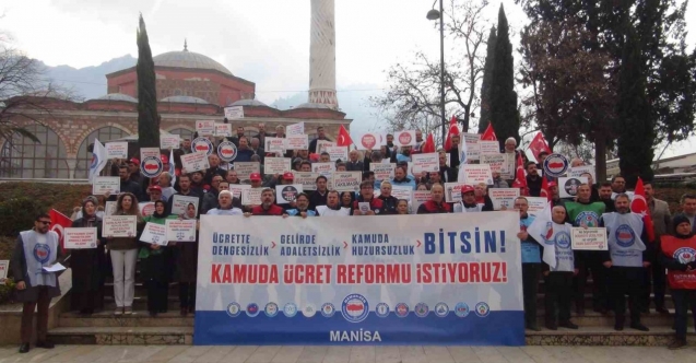 Memur-Sen Manisa İl Temsilcisi ve Eğitim Bir Sen Manisa 1 Nolu Şube Başkanı Ahmet Yasav, 2026 yılının memurlar için ilk maaş gününde Hatuniye Camii önünde basın açıklaması yaptı. Açıklamaya Memur-Sen’e bağlı sendikaların il başkanları, temsilcileri ve çok sayıda üye destek verdi.
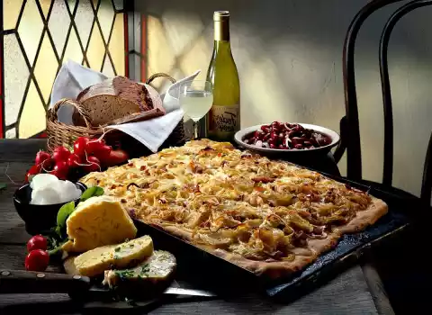 Dice the bacon and leave it out in a pan. Add fat and fry the onions in it. Season with salt, pepper and caraway seeds. Knead the yeast dough again, roll out on a greased baking tray and let it rise for 15 minutes.
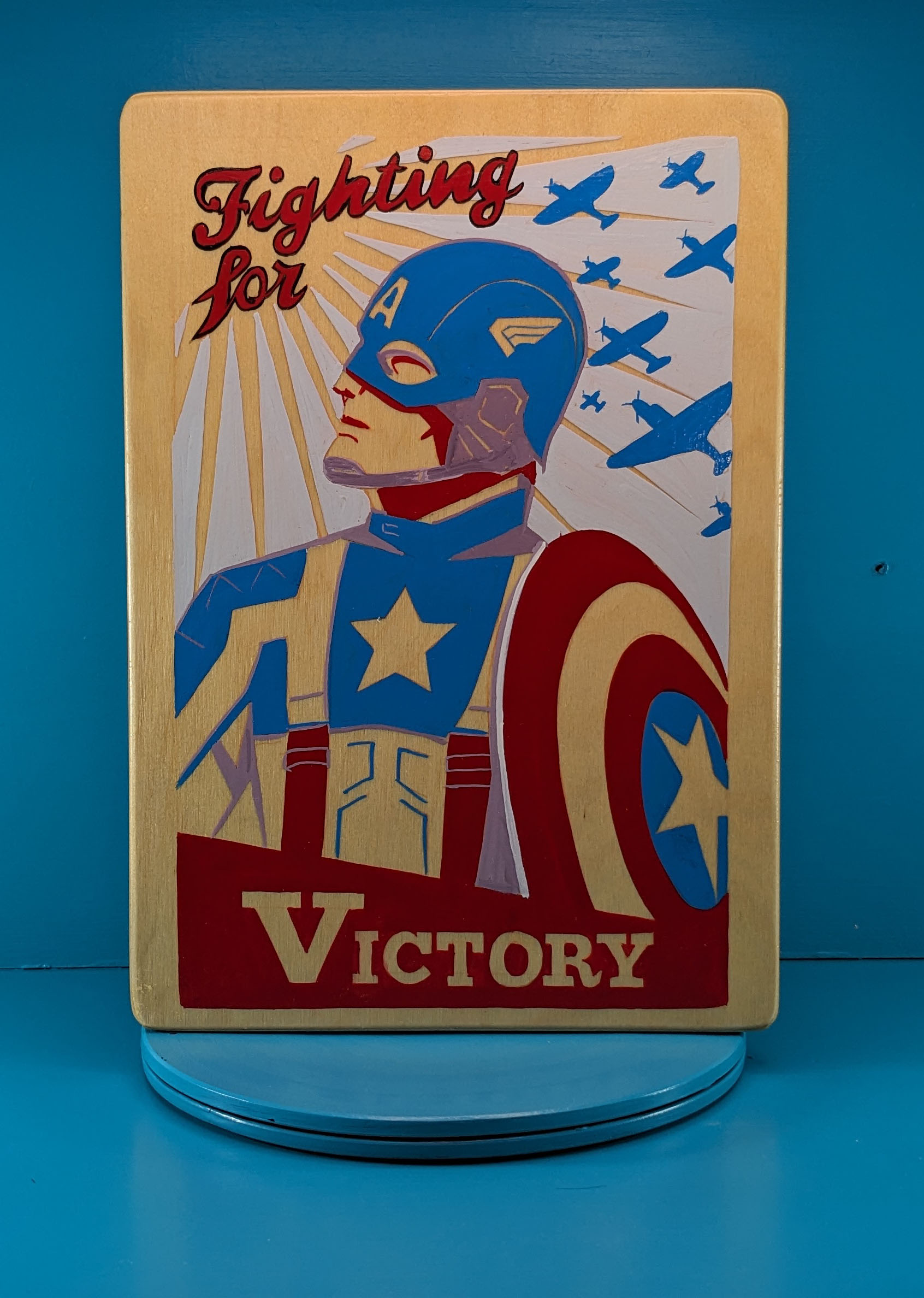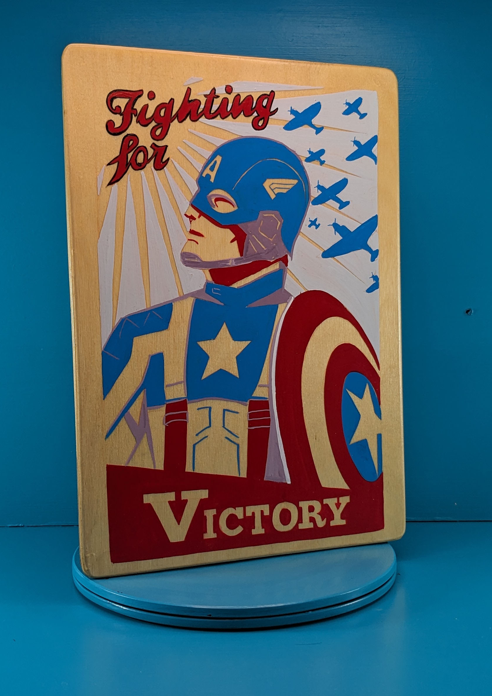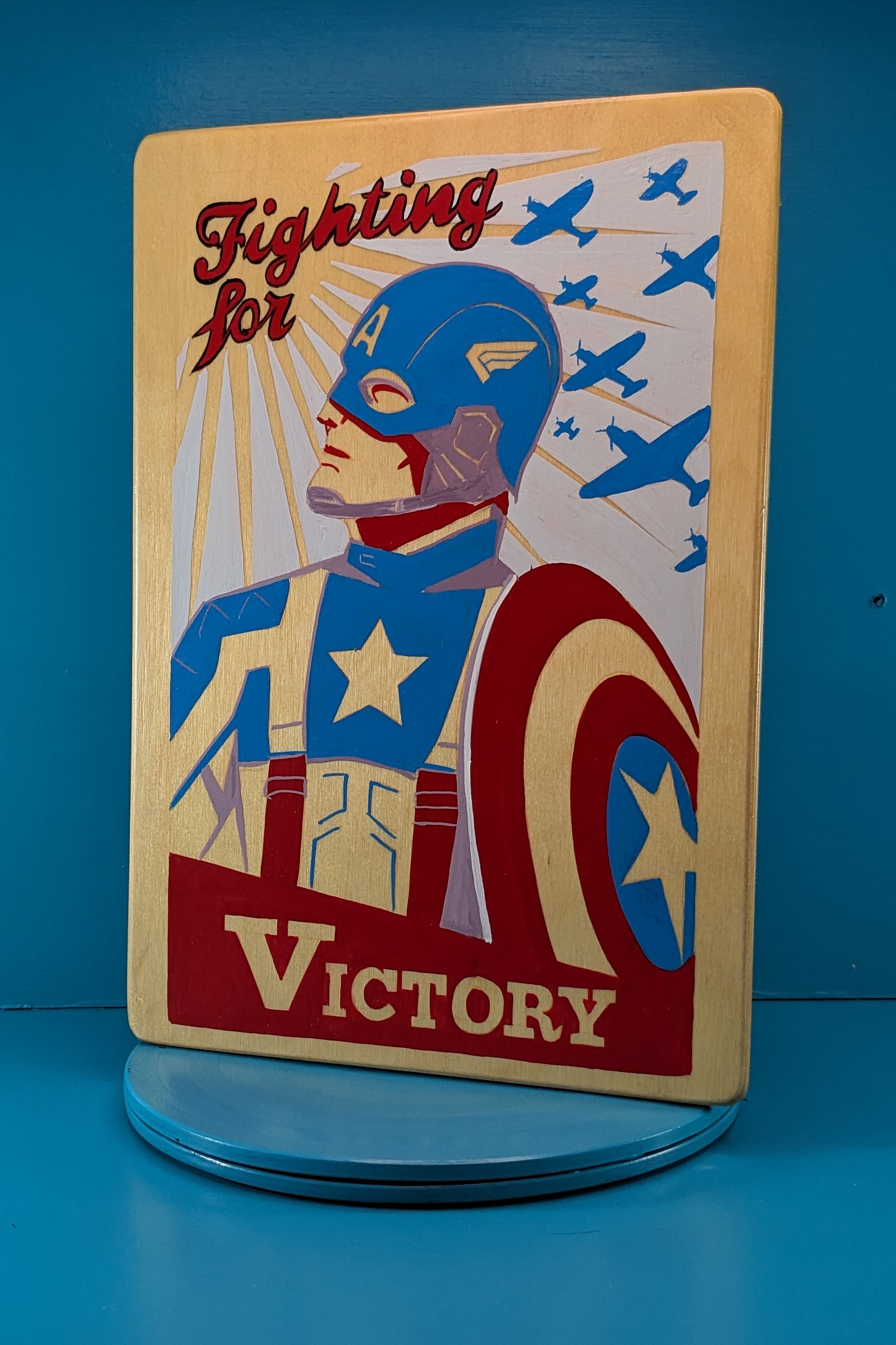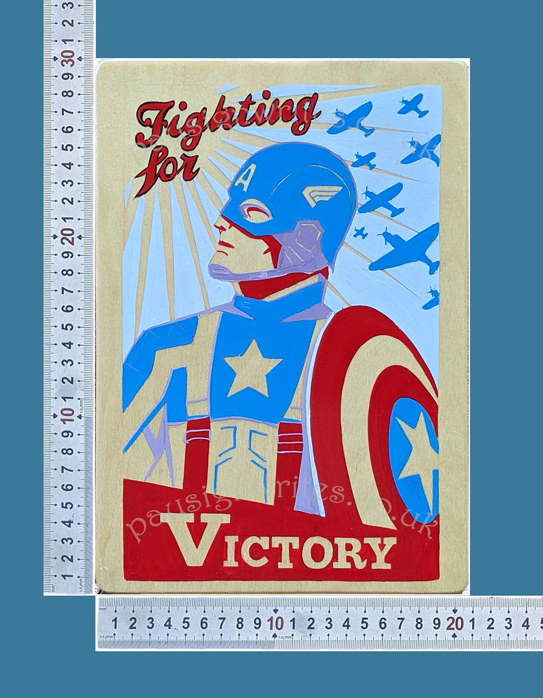 This ‘Fighting for Victory’ sign is my artistic interpretation of the original vintage-style propaganda poster featuring Captain America which instils a message of victory, hope and optimism for a positive outcome.
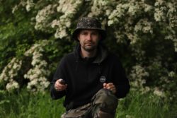 Let’s talk composition, this can be the difference between a good image and a great image. I always try and pick a backdrop that will enhance my image. It may sound daft but this can really elevate the overall result. This isn’t always possible of course, but if there’s something interesting there, use it to you advantage. Try and avoid having buckets, bivvy’s, fences etc in shot. Take a few test shots until you are happy with the backdrop and lighting. I then try and place myself within the chosen area, moving the unhooking mat around to give the desired result. If you can create some distance and separation between yourself and your backdrop this will help give that lovely smooth background that will help isolate you and the carp in the image.
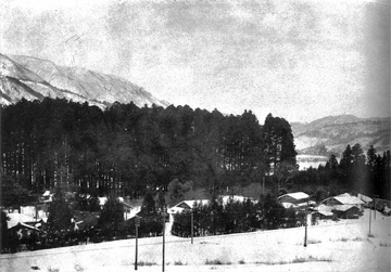 杉を主林木とし樹齢130-200年、多少広葉樹を混在する、面積25町余、人家266戸、耕地3町の防風に偉効あり
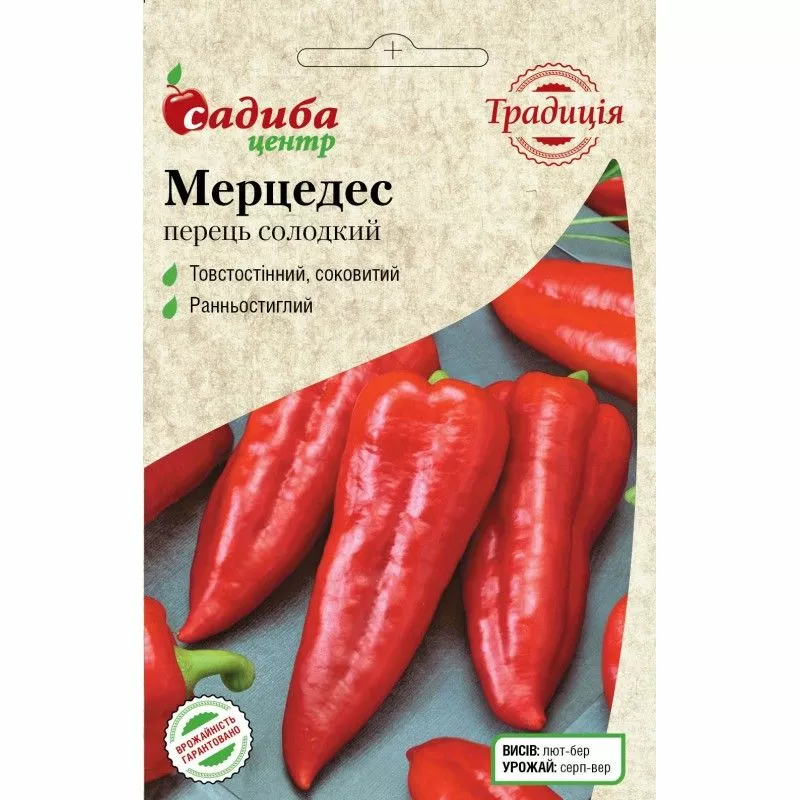 Перець Мерцедес - прекрасний середньоранній сорт для вирощування у відкритому та закритому ґрунті. Кущ висотою 60-65 см, формує великі (15-20 см), соковиті, товстостінні плоди з високим вмістом вітаміну С. Насіння висівають на розсаду в лютому-березні, а у віці 60-80 днів пересаджують у відкритий ґрунт. Сорт універсального призначення з винятково багатим смаком та ароматом.
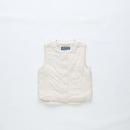 Gefütterte Steppweste mit Druckknöpfen und Seitentaschen. Außenmaterial: 100% Bio-Baumwolle, Futter: 100% Recyceltes Polyester. Fair hergestellt in Kathmandu, Nepal.

→ **Problem requirements**
In full and without changes, repeat the listing above, but not its pictures.

→ **Result**
 Memur-Sen Manisa İl Temsilcisi ve Eğitim Bir Sen Manisa 1 Nolu Şube Başkanı Ahmet Yasav, 2026 yılının memurlar için ilk maaş gününde Hatuniye Camii önünde basın açıklaması yaptı. Açıklamaya Memur-Sen’e bağlı sendikaların il başkanları, temsilcileri ve çok sayıda üye destek verdi.
 Dice the bacon and leave it out in a pan. Add fat and fry the onions in it. Season with salt, pepper and caraway seeds. Knead the yeast dough again, roll out on a greased baking tray and let it rise for 15 minutes.
 This ‘Fighting for Victory’ sign is my artistic interpretation of the original vintage-style propaganda poster featuring Captain America which instils a message of victory, hope and optimism for a positive outcome.
 Let’s talk composition, this can be the difference between a good image and a great image. I always try and pick a backdrop that will enhance my image. It may sound daft but this can really elevate the overall result. This isn’t always possible of course, but if there’s something interesting there, use it to you advantage. Try and avoid having buckets, bivvy’s, fences etc in shot. Take a few test shots until you are happy with the backdrop and lighting. I then try and place myself within the chosen area, moving the unhooking mat around to give the desired result. If you can create some distance and separation between yourself and your backdrop this will help give that lovely smooth background that will help isolate you and the carp in the image.
 杉を主林木とし樹齢130-200年、多少広葉樹を混在する、面積25町余、人家266戸、耕地3町の防風に偉効あり
 Перець Мерцедес - прекрасний середньоранній сорт для вирощування у відкритому та закритому ґрунті. Кущ висотою 60-65 см, формує великі (15-20 см), соковиті, товстостінні плоди з високим вмістом вітаміну С. Насіння висівають на розсаду в лютому-березні, а у віці 60-80 днів пересаджують у відкритий ґрунт. Сорт універсального призначення з винятково багатим смаком та ароматом.
 Gefütterte Steppweste mit Druckknöpfen und Seitentaschen. Außenmaterial: 100% Bio-Baumwolle, Futter: 100% Recyceltes Polyester. Fair hergestellt in Kathmandu, Nepal.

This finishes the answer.